In selecting the most appropriate vehicle for carrying on business in Canada, foreign entities will often be driven by tax preferences. Other factors that should be considered in determining the form of the business organization include potential liabilities, the method of financing and the nature of a particular business. The most common form of business organization in Canada is a corporation. Foreign entities may also consider conducting business in Canada through a branch office, partnership, limited partnership, franchise and licensing arrangement, joint venture, or by entering into contracts with Canadian distributors and independent agents.
A foreign entity may choose to carry on business in Canada through a Canadian subsidiary corporation. A corporation with share capital is the form of business enterprise used most frequently to carry on commercial activities. A corporation is a legal entity with a separate legal existence from its shareholders, has perpetual existence and, unless its constating documents provide otherwise, has all the rights, powers and privileges of a natural person. A corporation offers the greatest flexibility in both the structuring of decision-making authority and of investment in the business. Its separate legal existence, however, also means that a corporation is subject to separate reporting, regulatory and filing requirements imposed by various levels of government.
Incorporation as a Federal or Provincial
In Canada, a corporation may be incorporated under federal law pursuant to the Canada Business Corporations Act or under the corporate statute of any province or territory. The key distinction between the two types of corporations is that a federal corporation may carry on business in any province or territory provided that it complies with the applicable registration and reporting requirements of each province. In contrast, a provincial corporation is required to obtain an extra-provincial licence and register in any other province where it carries on business. Many incorporation statutes have minimum Canadian residency requirements for directors.
Unlimited Liability Companies
Unlimited liability companies ("ULCs") are flow-through entities that may appeal to foreign entities for tax purposes, and are available under the incorporate statutes of certain provinces.
OTHER BUSINESS VEHICLES
A non-resident foreign corporation may choose to carry on business in Canada through an unincorporated branch office. A branch operation is not a separate legal entity and, accordingly, exposure to debts, liabilities and obligations of the Canadian operation are important considerations. In addition, the foreign corporation will be subject to federal and provincial laws and must obtain a licence or otherwise register in all provinces in which it carries on business.

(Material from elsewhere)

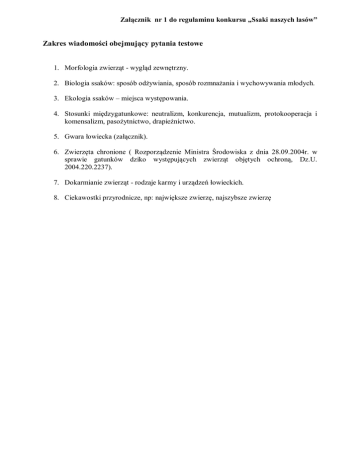 Załącznik nr 1 do regulaminu konkursu „Ssaki naszych lasów” Zakres wiadomości obejmujący pytania testowe 1. Morfologia zwierząt - wygląd zewnętrzny. 2. Biologia ssaków: sposób odżywiania, sposób rozmnażania i wychowywania młodych. 3. Ekologia ssaków – miejsca występowania. 4. Stosunki międzygatunkowe: neutralizm, konkurencja, mutualizm, protokooperacja i komensalizm, pasożytnictwo, drapieżnictwo. 5. Gwara łowiecka (załącznik). 6. Zwierzęta chronione ( Rozporządzenie Ministra Środowiska z dnia 28.09.2004r. w sprawie gatunków dziko występujących zwierząt objętych ochroną, Dz.U. 2004.220.2237). 7. Dokarmianie zwierząt - rodzaje karmy i urządzeń łowieckich. 8. Ciekawostki przyrodnicze, np: największe zwierzę, najszybsze zwierzę

A general partnership is a relationship where two or more persons, either individuals or corporations, carry on a business in common with a view to profit. The partnership is not a legal entity separate from the partners. Subject to the provision of any agreement between the partners, each partner is allocated a specified share of the profits and losses of the partnership business and is entitled to take part in the management of the partnership business. A separate income tax return is not required from a partnership, although in many cases an information return is required for tax purposes. The tax consequences of a partnership's business activities flow through to the individual partners in their respective proportions and are reported upon individually in each partner's tax return. All partners assume unlimited liability for the debts and obligations of the partnership.
A limited partnership is a partnership with unique characteristics. It is comprised of: (a) one or more general partners who manage the business and assume all liabilities of the limited partnership; and (b) limited partners whose liability is limited to their contribution to the partnership. In Ontario, in order to maintain limited liability status, limited partners are not permitted to take part in the management of the business.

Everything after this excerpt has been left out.